Не очень поняв, что это значит, но не вынося замечаний в свой адрес, я зарыдала.
Меня принялись успокаивать: отец-де в командировке не ел и не пил, а все откладывал деньги на эту Ларису. «Мог бы не мучить себя до такой степени!» — подумала я, не торопясь «выходить из рыданий».
Мама нередко вторгалась в мои взаимоотношения с игрушками.
— Любишь наказывать? — вполушутку спросила как-то она. И вполусерьез добавила: — С бессловесными так поступать нельзя. Они же не могут ответить ни на добро, ни на зло.
— На добро отвечают, — возразила я.
— Чем?
— Подчиняются.
— Это оскорбительно. Не для них… Для тебя! — уже совсем серьезно сказала мама.
Она, похоже, хотела, чтоб я отказалась от абсолютной власти над своими игрушками. Она вообще была против самовластия. Но я к этому отвращения не питала.
С появлением Ларисы многое изменилось. Игрушечное царство, чудилось мне, послушно задрало голову и взирало на нее снизу вверх. Так смотрела на Ларису и я. Как кукла она была более необычной, поражающей воображение, чем я как человек. Мы и куклой-то ее называть не решались, а именовали только Ларисой.
Отец зачем-то брил наголо свою безукоризненно круглую голову. Эта безукоризненность не выглядела запрограммированной: в ней была свобода горного валуна. Большая отцовская голова состояла, мне казалось, из одного только лба. А глаза были как бы его продолжением. Не размером, не красотой, а выразительностью своей они, как и лоб, отвлекали внимание от всего остального в отцовском облике. Глаза ничего не контролировали, но заставляли собеседников обдумывать фразы чуть дольше, чем они обдумывались обычно.

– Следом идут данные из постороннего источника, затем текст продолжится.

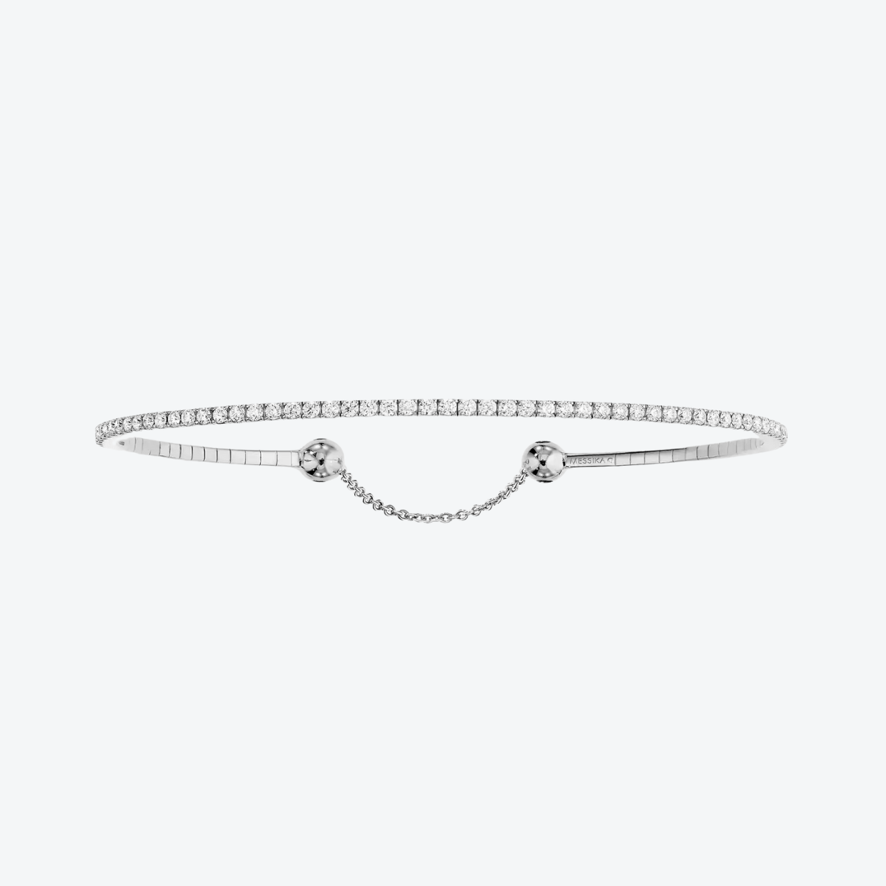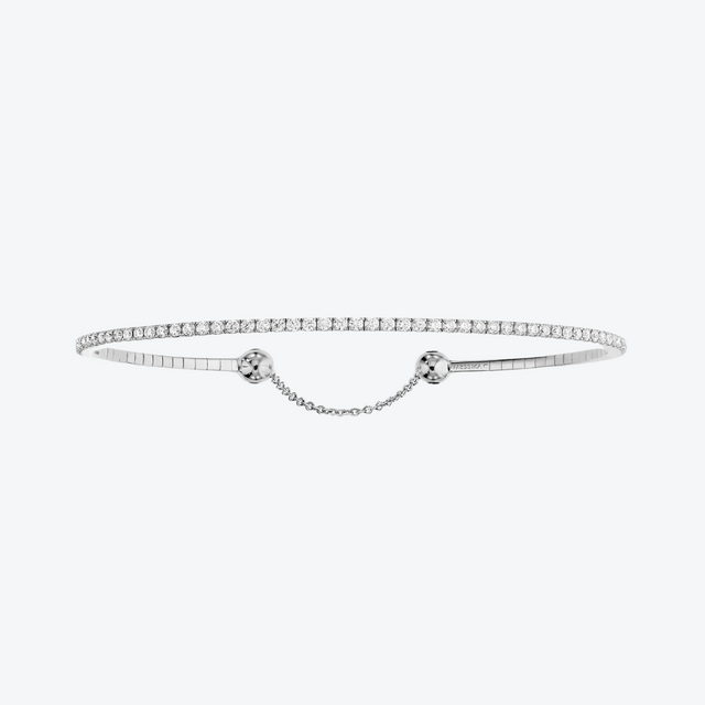 De Messika Skinny armband in 18-karaats witgoud voelt aan als een tweede huid: het ultradunne design is bezaaid met fonkelende diamanten (0.80ct G/VS), vastgehouden door ingenieuze microveren die zacht en elegant rond de pols vallen. De diamantglans fluistert verfijning terwijl de subtiele structuur een gevoel van gewichtloze luxe wil overbrengen. Draag hem solitair of als onderdeel van een stijlvolle stack—een tijdloos én modern statement.

Лоб и глаза… Это и был мой отец.
Мама же обладала всем, без чего, по моему мнению, просто не мог обойтись красивый человек. Сами собой, как дикорастущие, вились ее волосы. Глаза были зелены, точно поле. Нос, губы и зубы каким-то образом избежали даже малейших изъянов, а шею грех было прикрывать воротником или шарфом. В фигурах я тогда разбиралась слабо, но говорили, что и фигура у мамы была отменной. Одним словом, ей не приходилось соперничать с куклой.
У отца были три закадычных приятеля. А у приятелей — свои дома, семьи и жены. Но по выходным все закадычные оказывались у нас. Их, быть может, и влекли дружественные чувства к отцу, но более всего — чувства к маме. Это меня настораживало. Мы с Ларисой заслоняли отца собой. Я продолжала не любить Ларису. Но разве только друзей делают союзниками в нужный момент?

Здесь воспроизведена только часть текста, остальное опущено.